问题
I'm trying to parse SMILES strings using the OpenSMILES specification.
The grammar:
grammar SMILES;
atom: bracket_atom | aliphatic_organic | aromatic_organic | '*';
aliphatic_organic: 'B' | 'C' | 'N' | 'O' | 'S' | 'P' | 'F' | 'Cl' | 'Br' | 'I';
aromatic_organic: 'b' | 'c' | 'n' | 'o' | 's' | 'p';
bracket_atom: '[' isotope? symbol chiral? hcount? charge? atom_class? ']';
symbol: element_symbols | aromatic_symbols | '*';
isotope: NUMBER;
element_symbols: UPPER_CASE_CHAR LOWER_CASE_CHAR?;
aromatic_symbols: 'c' | 'n' | 'o' | 'p' | 's' | 'se' | 'as';
chiral: '@'
| '@@'
| '@TH1' | '@TH2'
| '@AL1' | '@AL2'
| '@SP1' | '@SP2' | '@SP3'
| '@TB1' | '@TB2' | '@TB3' | DOT DOT DOT | '@TB29' | '@TB30'
| '@OH1' | '@OH2' | '@OH3' | DOT DOT DOT | '@OH29' | '@OH30';
hcount: 'H' | 'H' DIGIT;
charge: '-'
| '-' DIGIT
| '+'
| '+' DIGIT
| '--'
| '++';
atom_class:':' NUMBER;
bond: '-' | '=' | '#' | '$' | ':' | '/' | '\\';
ringbond: (bond? DIGIT | bond? '%' DIGIT DIGIT);
branched_atom: atom ringbond* branch*?;
branch: '(' chain ')' | '(' bond chain ')' | '(' dot chain ')';
chain: branched_atom
| chain branched_atom
| chain bond branched_atom
| chain dot branched_atom;
dot: '.';
DOT: .;
DIGIT: [0-9];
NUMBER: DIGIT+;
UPPER_CASE_CHAR: [A-Z];
LOWER_CASE_CHAR: [a-z];
ONE_TO_NINE: [1-9];
smiles: chain;
WS: [ \t\n\r]+ -> skip ;
When trying to parse the following using AntlrWorks2's TestRig:
CCc(c1)ccc2[n+]1ccc3c2Nc4c3cccc4
The following error(s) are printed (shortened for brevity):
line 1:5 extraneous input '1' expecting {'*', '[', 'N', 'O', 'I', 'S', '%', ')',..., DIGIT}
...
line 1:31 extraneous input '4' expecting {<EOF>, '*', '[', 'N', 'O',..., DIGIT}
This happens for every digit that is encountered in the string.
EDIT 1
After fixing the DOT rule, as suggested by @Lucas Trzesniewski, the extraneous input error has disappeared. However, a new error is present now when testing a different SMILES string.
For example, testing:
[Cu+2].[O-]S(=O)(=O)[O-]
Produces the error:
line 1:1 no viable alternative at input 'C'
EDIT 2
Problem from EDIT 1 was due to my element_symbols rule. Using the literal symbol strings seems to have solved it.
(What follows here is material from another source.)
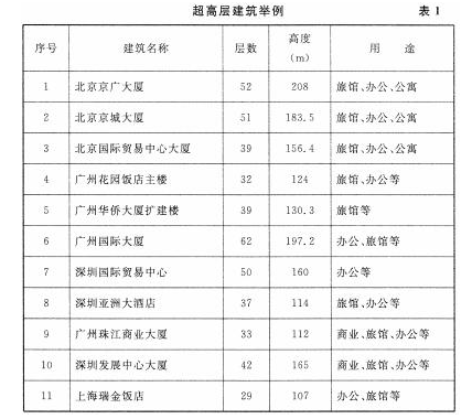 2.总结了国内高层建筑实际防火设计经验,如表1中列出的高层建筑都分别作了较深入的了解,将其合理部分、行之有效的内容吸收到本规范中来。

element_symbols: 'H' | 'He' | 'Li' | 'Be' | 'B' | 'C' | 'N' | 'O' | 'F' | 'Ne' | //...and so on
回答1:
Your lexer rules are wrong.
First error:
DOT: .;
This is a catch-all. What you really mean is:
DOT: '.';
Second error: You're getting confused with the following rules:
DIGIT: [0-9];
NUMBER: DIGIT+;
ONE_TO_NINE: [1-9];
ONE_TO_NINE will never match anything, because it's included in DIGIT, and DIGIT appears first. As the ONE_TO_NINE rule is never used, so you should simply remove it.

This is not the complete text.